*** Data for this task ***

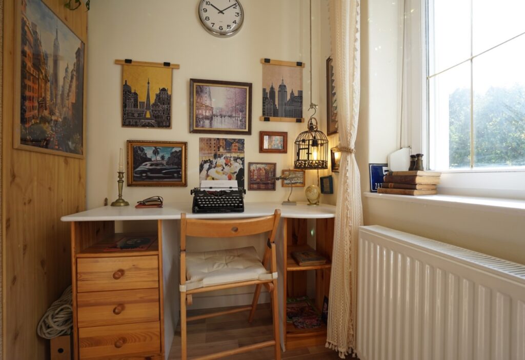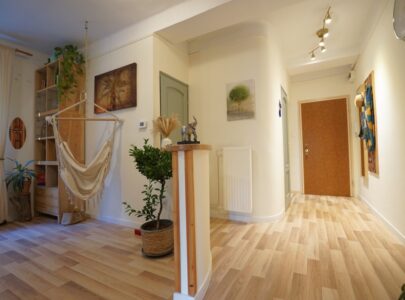Az enteriőr igazán szép világos és napsütötte, a dél és nyugati tájolású ablakoknak köszönhetően. Melyek a környező parkra tekintenek.
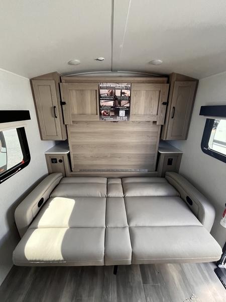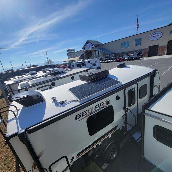 2024 Forest River Rockwood Geo Pro G19FD Rockwood Geo Pro Travel Trailers YOUR IDEAL FLOOR PLAN, PERFECTLY SIZED. Our Geo pro travel trailers are everything you want and need in a camping experience in a package that is easily towable. Bigger off road tires with a great standard solar package allow you to take these to places you never deemed possible. For select models, an optional power package unlocks a realm of boundless potential, awaiting your every aspiration. The Rockwood Geo Pro 19FD has a Murphy bed that creates all the space needed for a great couples coach. The windows beside the dinette are very large and easy to see your campsite from. The bathroom in this model goes all the way across the back end of the coach giving you the most space you can get in a unit this size. At 20’ long and just over 3000 lb, this model is perfect for anyone that wants to hunker down at a great park or with solar equipped boondocking for a long period of time. Features may include: Exterior Magnetic Baggage Door Catches Outside Griddle with LP Hookup 2- 20 lbs LP Tanks Ground Solar Prep Polished Alloy Wheels Tinted Bonded Frameless Windows Laminated Clay with Alloy Band Fiberglass Sidewalls 200W Roof Solar Panel with 1800W Inverter Outside Spray Port AIR 360+ OMNIDIRECTIONAL ANTENNA / WITH WIFI PREP (N/A 12S) Truss Stabilizer Jack Fold Out Entry Steps Roof Ladder Front Windshield Outside Speaker Power Awning Heated Holding Tanks 2" Hitch Receiver Interior Roller Shades 20,000 BTU Furnace 12V Smart Entertainment TV w/stereo
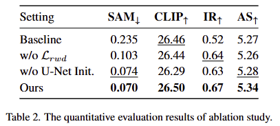 Ablation Study for U-Net Initialization. tab 2에서 보이는 바와 같이 사전학습된 U-Net으로 IPM를 초기화함으로써, 모델의 텍스트 제어 능력이 강화됨을 보입니다.
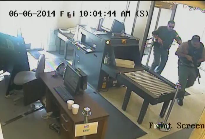 Rush was working the doorway of the courthouse when Dennis Marx drove his SUV up to the courthouse. Heavily armed, Marx tossed out homemade smoke grenades, pepper spray grenades and spike sticks as he approached the courthouse.
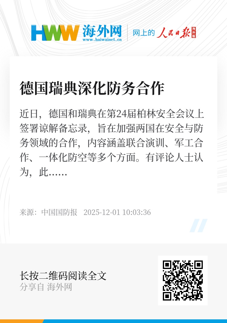 德国与瑞典强化防务合作,既是两国基于自身利益的理性选择,也是当前地缘格局调整背景下的战略举措。

*** End of Data for this task ***

#### [Exercise details]
Repeat every record above exactly. The pictures do not belong in the copy.

#### [The completed task]
Az enteriőr igazán szép világos és napsütötte, a dél és nyugati tájolású ablakoknak köszönhetően. Melyek a környező parkra tekintenek.
 2024 Forest River Rockwood Geo Pro G19FD Rockwood Geo Pro Travel Trailers YOUR IDEAL FLOOR PLAN, PERFECTLY SIZED. Our Geo pro travel trailers are everything you want and need in a camping experience in a package that is easily towable. Bigger off road tires with a great standard solar package allow you to take these to places you never deemed possible. For select models, an optional power package unlocks a realm of boundless potential, awaiting your every aspiration. The Rockwood Geo Pro 19FD has a Murphy bed that creates all the space needed for a great couples coach. The windows beside the dinette are very large and easy to see your campsite from. The bathroom in this model goes all the way across the back end of the coach giving you the most space you can get in a unit this size. At 20’ long and just over 3000 lb, this model is perfect for anyone that wants to hunker down at a great park or with solar equipped boondocking for a long period of time. Features may include: Exterior Magnetic Baggage Door Catches Outside Griddle with LP Hookup 2- 20 lbs LP Tanks Ground Solar Prep Polished Alloy Wheels Tinted Bonded Frameless Windows Laminated Clay with Alloy Band Fiberglass Sidewalls 200W Roof Solar Panel with 1800W Inverter Outside Spray Port AIR 360+ OMNIDIRECTIONAL ANTENNA / WITH WIFI PREP (N/A 12S) Truss Stabilizer Jack Fold Out Entry Steps Roof Ladder Front Windshield Outside Speaker Power Awning Heated Holding Tanks 2" Hitch Receiver Interior Roller Shades 20,000 BTU Furnace 12V Smart Entertainment TV w/stereo
 Ablation Study for U-Net Initialization. tab 2에서 보이는 바와 같이 사전학습된 U-Net으로 IPM를 초기화함으로써, 모델의 텍스트 제어 능력이 강화됨을 보입니다.
 Rush was working the doorway of the courthouse when Dennis Marx drove his SUV up to the courthouse. Heavily armed, Marx tossed out homemade smoke grenades, pepper spray grenades and spike sticks as he approached the courthouse.
 德国与瑞典强化防务合作,既是两国基于自身利益的理性选择,也是当前地缘格局调整背景下的战略举措。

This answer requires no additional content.